Avis a été donné aux avocats que le jugement serait rendu le 7 novembre 2025.
JUGEMENT
Prononcé publiquement par mise à disposition au greffe
Contradictoire
En premier ressort
EXPOSE DU LITIGE
La SCI Lyar est copropriétaire au sein de l’immeuble sis [Adresse 8] et [Adresse 4] à Paris 12ème, soumis au statut de la copropriété des immeubles bâtis.
Le syndic de copropriété de l’immeuble est la société d’administration de copropriété et de gérance d’immeubles (« Sacogi »).
Lors de l’assemblée générale du 19 janvier 2021, tenue par correspondance, les résolutions n°5 (approbation des comptes de l’exercice allant du 1er juillet 2019 au 30 juin 2020) et n°11 (élection des membres du conseil syndical) ont été adoptées.
C’est dans ces conditions que la SCI Lyar a fait délivrer assignation, par exploits d’huissier en date du 9 avril 2021 à la société Sacogi et au syndicat des copropriétaires du [Adresse 8] et [Adresse 4] à Paris 12ème, à titre principal, aux fins d’annulation de l’assemblée générale du 19 janvier 2021 en son entier, et à titre subsidiaire d’annulation de ses résolutions n°5 et n°11, outre les demandes relatives aux frais irrépétibles, dépens et dispense de frais communs de procédure.

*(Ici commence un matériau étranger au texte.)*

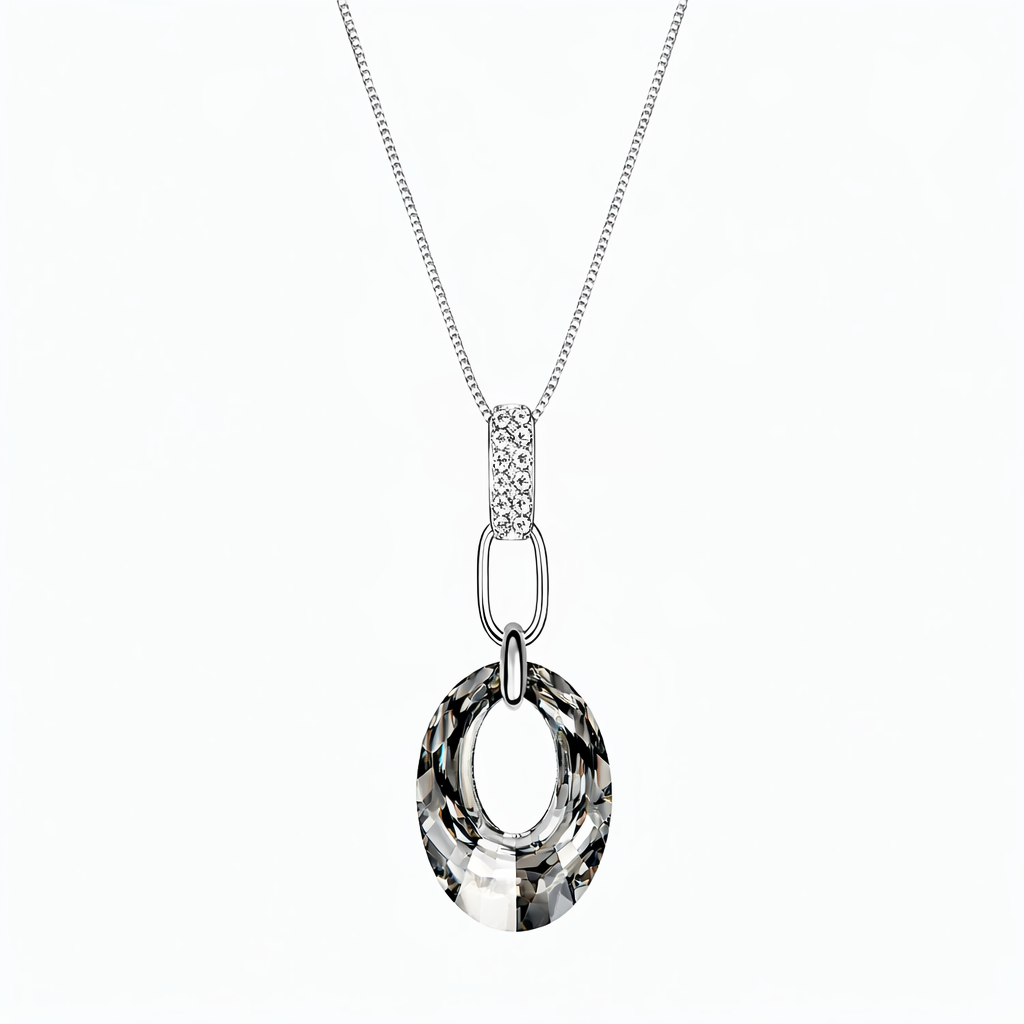 Delicado Dije en baño de oro blanco de 18 quilates, de Elegante diseño con cristal en color negro.
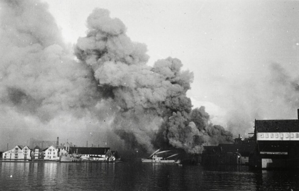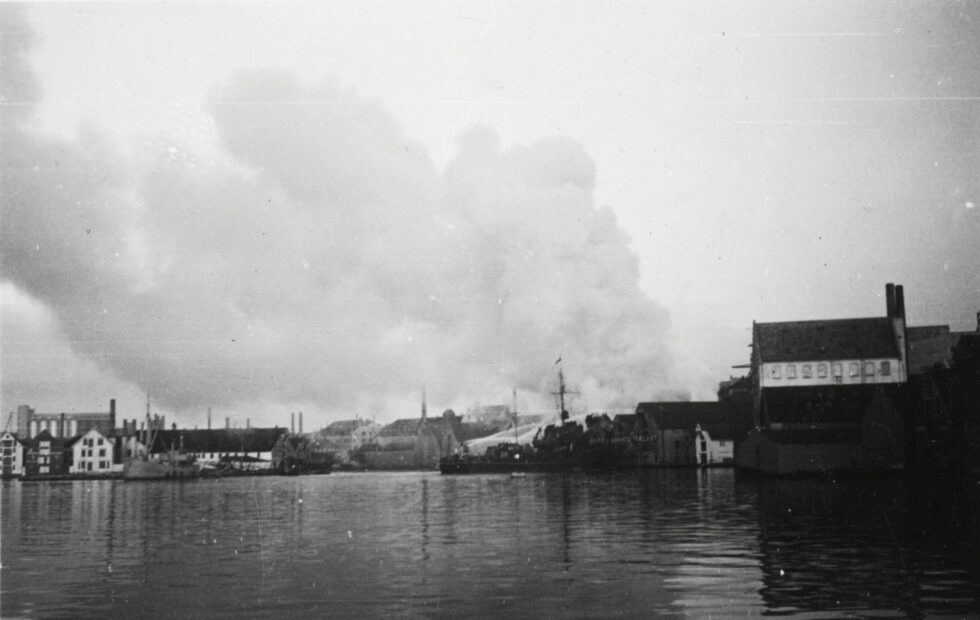 19. mai 1941 – Brann på Rosenberg. To av den tyske marines barakker var i brann. En kunne høre tyskernes brøl helt inn til Fiskepiren.

Par ordonnance du juge de la mise en état du 1er juillet 2022, la SCI Lyar a été déclarée irrecevable en sa demande d’annulation de l’assemblée générale du 19 janvier 2021 en toutes ses dispositions, pour s’être prononcée en faveur de certaines de ses résolutions.
PRETENTIONS DES PARTIES
Aux termes de ses dernières conclusions notifiées par voie électronique le 31 mai 2024, la SCI Lyar demande au tribunal, au visa de l’article 42 de la loi de la loi du 10 juillet 1965, et des articles 1240 et 1241 du code civil, de :
« Déclarer la société Lyar recevable en ses demandes et l’y déclarant bien fondée :
Annuler la résolution n°5 de l’assemblée générale du syndicat des copropriétaires de l’immeuble [Adresse 9] & [Adresse 3] à [Localité 15], en date du 19 janvier 2021 ;
Condamner la société d’administration, de copropriété et de gérance d’immeubles (SOCAGI) à payer à la SCI LYAR la somme de 3.000 € au titre de l’article 700 du code de procédure civile ;
Condamner tout contestant en tous les dépens dont distraction conformément à l’article 699 du code de procédure civile ;
Exonérer la SCI Lyar de sa quote-part dans les dépens, frais et honoraires exposés par le syndicat dans la présente procédure, conformément aux dispositions de l’article 10-1 de la loi du 10 juillet 1965. ".
*
Dans ses dernières conclusions, notifiées par voie électronique le 28 mai 2024, le syndicat des copropriétaires du [Adresse 13], demande au tribunal, au visa de l’article 42 de la loi du 10 juillet 1965, de :
« Débouter la SCI Lyar de sa demande d’annulation de la résolution n°5 de l’assemblée générale du 19 janvier 2021 ;
Prendre acte de ce que la SCI Lyar ne sollicite plus l’annulation de la résolution n°11 de l’assemblée générale du 19 janvier 2021 ;
Condamner la SCI Lyar à verser au syndicat des copropriétaires du [Adresse 11], représenté par son syndic en exercice, la somme de 3.000 euros au titre des dispositions de l’article 700 du code de procédure civile. ".
*
Aux termes de ses dernières conclusions notifiées par voie électronique le 11 juin 2024, la société Sacogi demande au tribunal, au visa de l’article 42 de la loi de la loi du 10 juillet 1965, et de l’article 700 du code de procédure civile, de :
« Débouter la SCI Lyar de sa demande d’annulation de la résolution n°5 de l’assemblée générale du 19 janvier 2021 ;
Prendre acte de ce que la SCI Lyar ne sollicite plus l’annulation de la résolution n° 11 de l’assemblée générale du 19 janvier 2021 ;
Débouter la SCI Lyar de sa demande de condamnation à hauteur de 3.000 € au titre de l’article 700 du code de procédure civile dirigée à l’encontre de la société Sacogi ;
Condamner la SCI Lyar à verser à la société Sacogi la somme de 3.000 euros au titre des dispositions de l’article 700 du code de procédure civile ;
Condamner la SCI LYAR aux entiers dépens. "
*
Il est fait expressément référence aux pièces du dossier et aux écritures déposées et visées ci-dessus pour un plus ample exposé des faits, de la cause et des prétentions des parties.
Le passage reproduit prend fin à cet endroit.